The timing was perfect. The 1980s were a decade of performance and polish: power suits, gym bodies, high-gloss advertising, big hair, sharp silhouettes, and a new confidence in the way women could use fashion to control attention. Lingerie was no longer only something hidden beneath clothes. It was becoming costume, mood, attitude, private luxury. Brands such as Victoria’s Secret helped shift the American lingerie market toward a more romantic, glamorous, and female-facing language during the 1980s, selling underwear as fantasy but also as personal style. Playboy’s Lingerie special editions entered that cultural space with a very specific promise: not simply to show the body, but to stage the ritual around it.

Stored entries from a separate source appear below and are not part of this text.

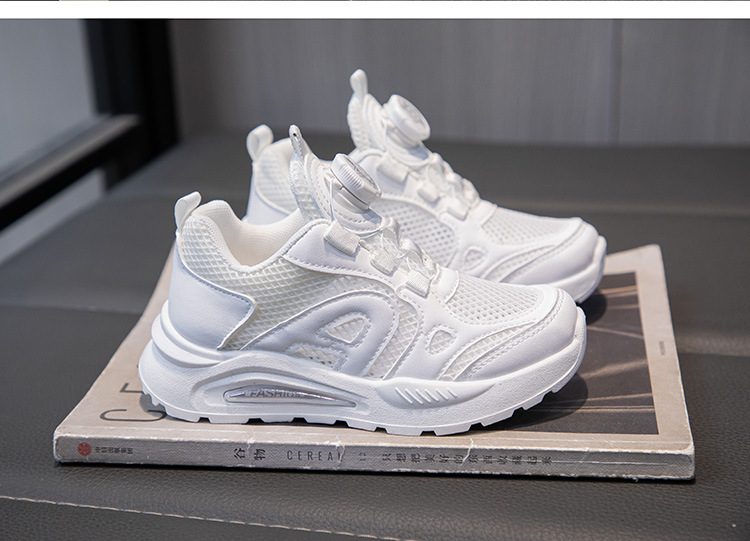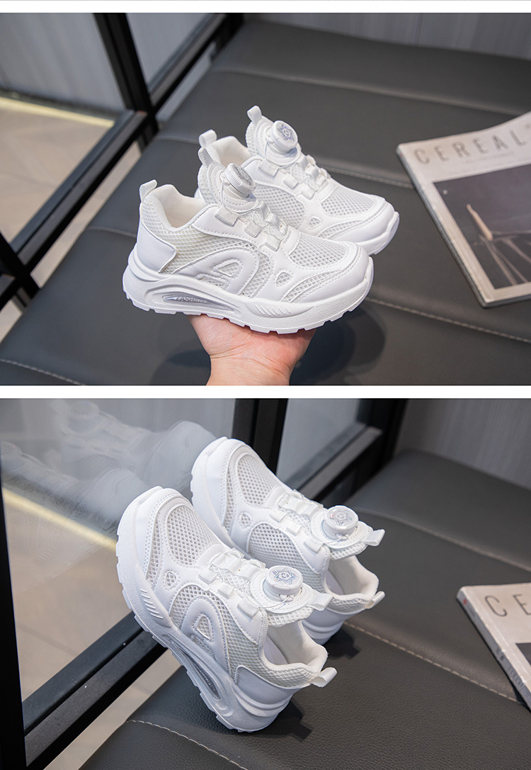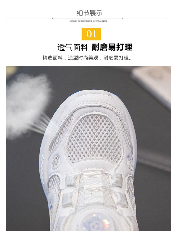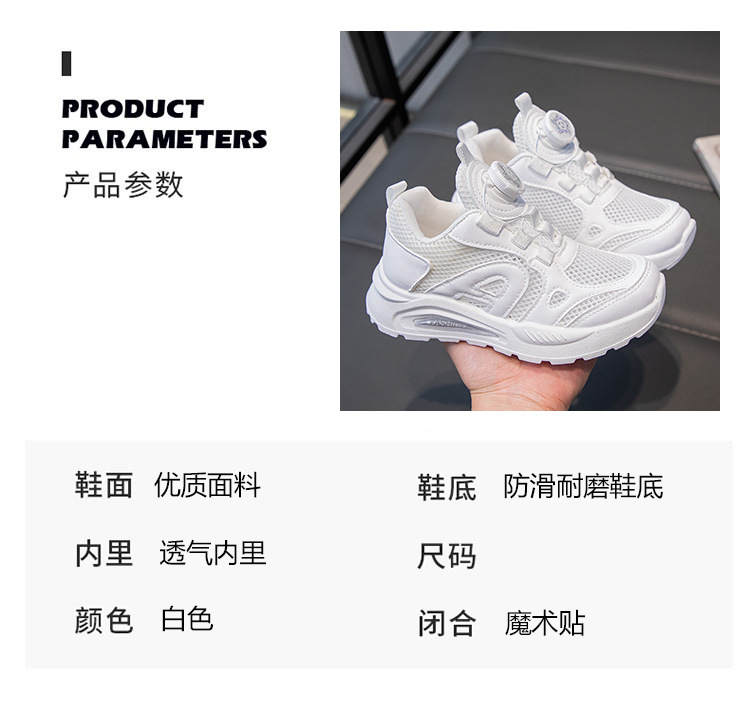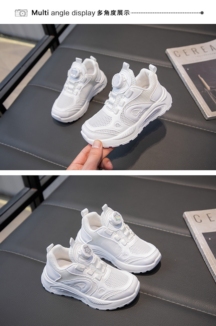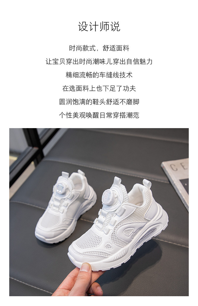 商品名称:男童运动鞋软底网面透气儿童小白鞋旋转纽扣休闲中大童女童跑步鞋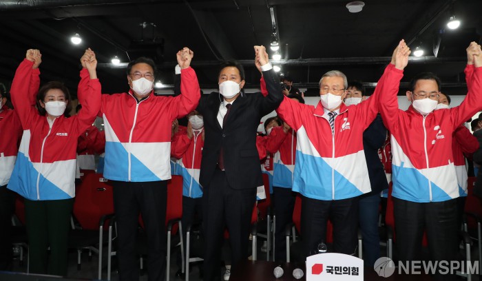 [서울=뉴스핌] 국회사진취재단 = 오세훈 국민의힘 서울시장 후보와 김종인 비상대책위원장등이 7일 오후 서울 여의도 국민의힘 중앙당사에 마련된 개표상황실에서 출구조사 결과를 보며 환호하고 있다. 2021.04.07 photo@newspim.com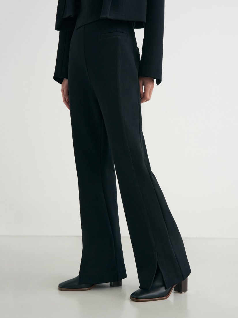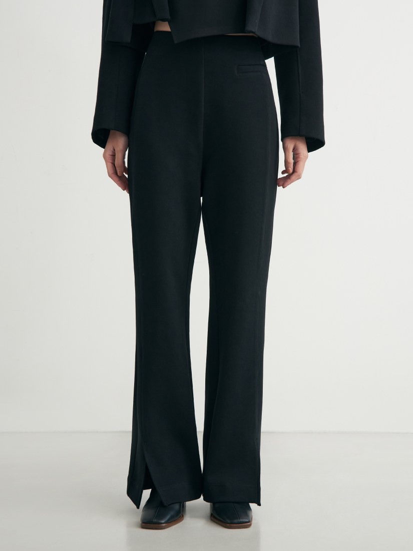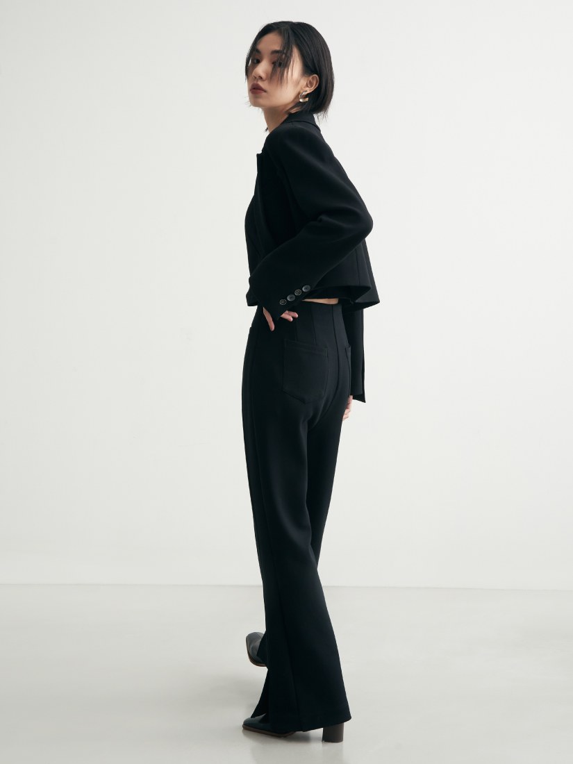 - 直筒微喇叭褲剪裁/前身不對稱裝飾口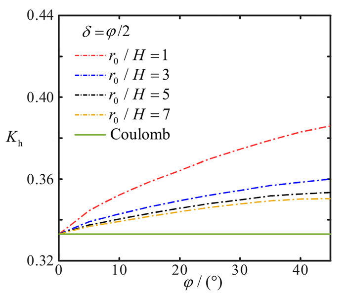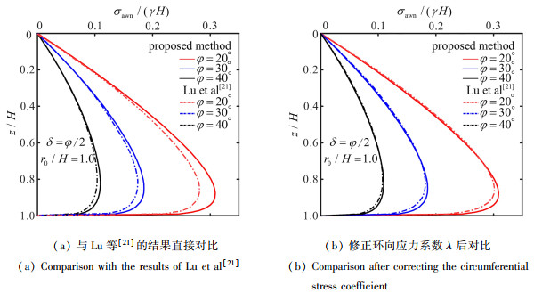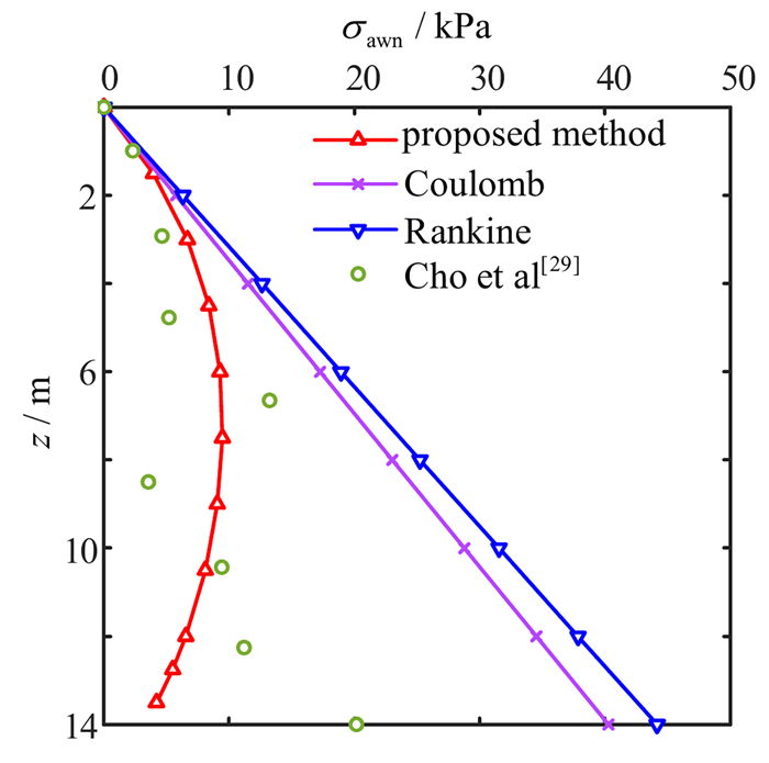 以井壁后填土为无黏性土的圆形竖井为研究对象,假定滑裂面为过墙踵的直线. 考虑环向应力系数沿径向线性变化,基于极限平衡法建立整个滑移土体的静力平衡方程,进而得到圆形竖井主动极限状态下滑裂面倾角的解析式. 在此基础上,考虑空间拱效应和层间剪力的影响,基于水平层分析法推导得到了圆形竖井主动土压力的理论解,进一步分析了竖井主动土压力强度的影响因素,并与现有的理论和试验结果进行了对比分析. 结果显示:土体层间剪力会影响主动土压力强度沿深度方向的分布,且径高比、墙-土摩擦角越大,层间剪力的影响越明显,考虑层间剪力得到的土压力计算值可为竖井结构优化设计提供理论参考. 该文的结果能够很好地描述土压力沿深度先增大后减小的变化趋势,且与模型试验和数值模拟结果吻合较好.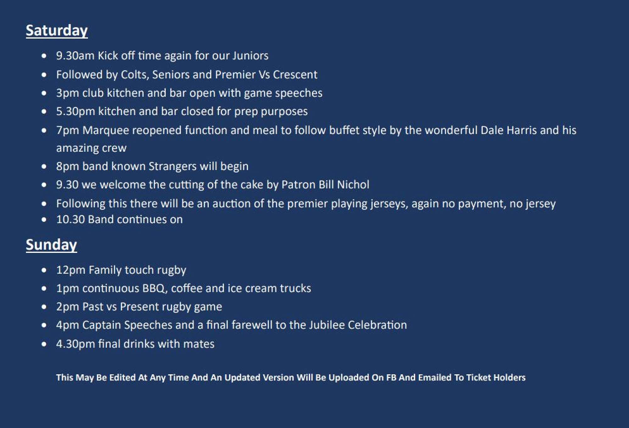West Taieri Rugby Club 120th Jubilee

Playboy model posing in a white wet body

That was the genius of the pictorial approach. The Lingerie editions were not built like ordinary centerfold presentations. They were closer to boudoir fashion portfolios: lace against skin, stockings against polished floors, satin slips on rumpled beds, corsets photographed with the careful drama of eveningwear. The models were not merely revealed; they were styled. The bra, the garter belt, the silk robe, the sheer camisole, the high heel, the string of pearls — each object had a role. Lingerie created a pause before nudity, and that pause was where Playboy found its most elegant form of erotic suspense.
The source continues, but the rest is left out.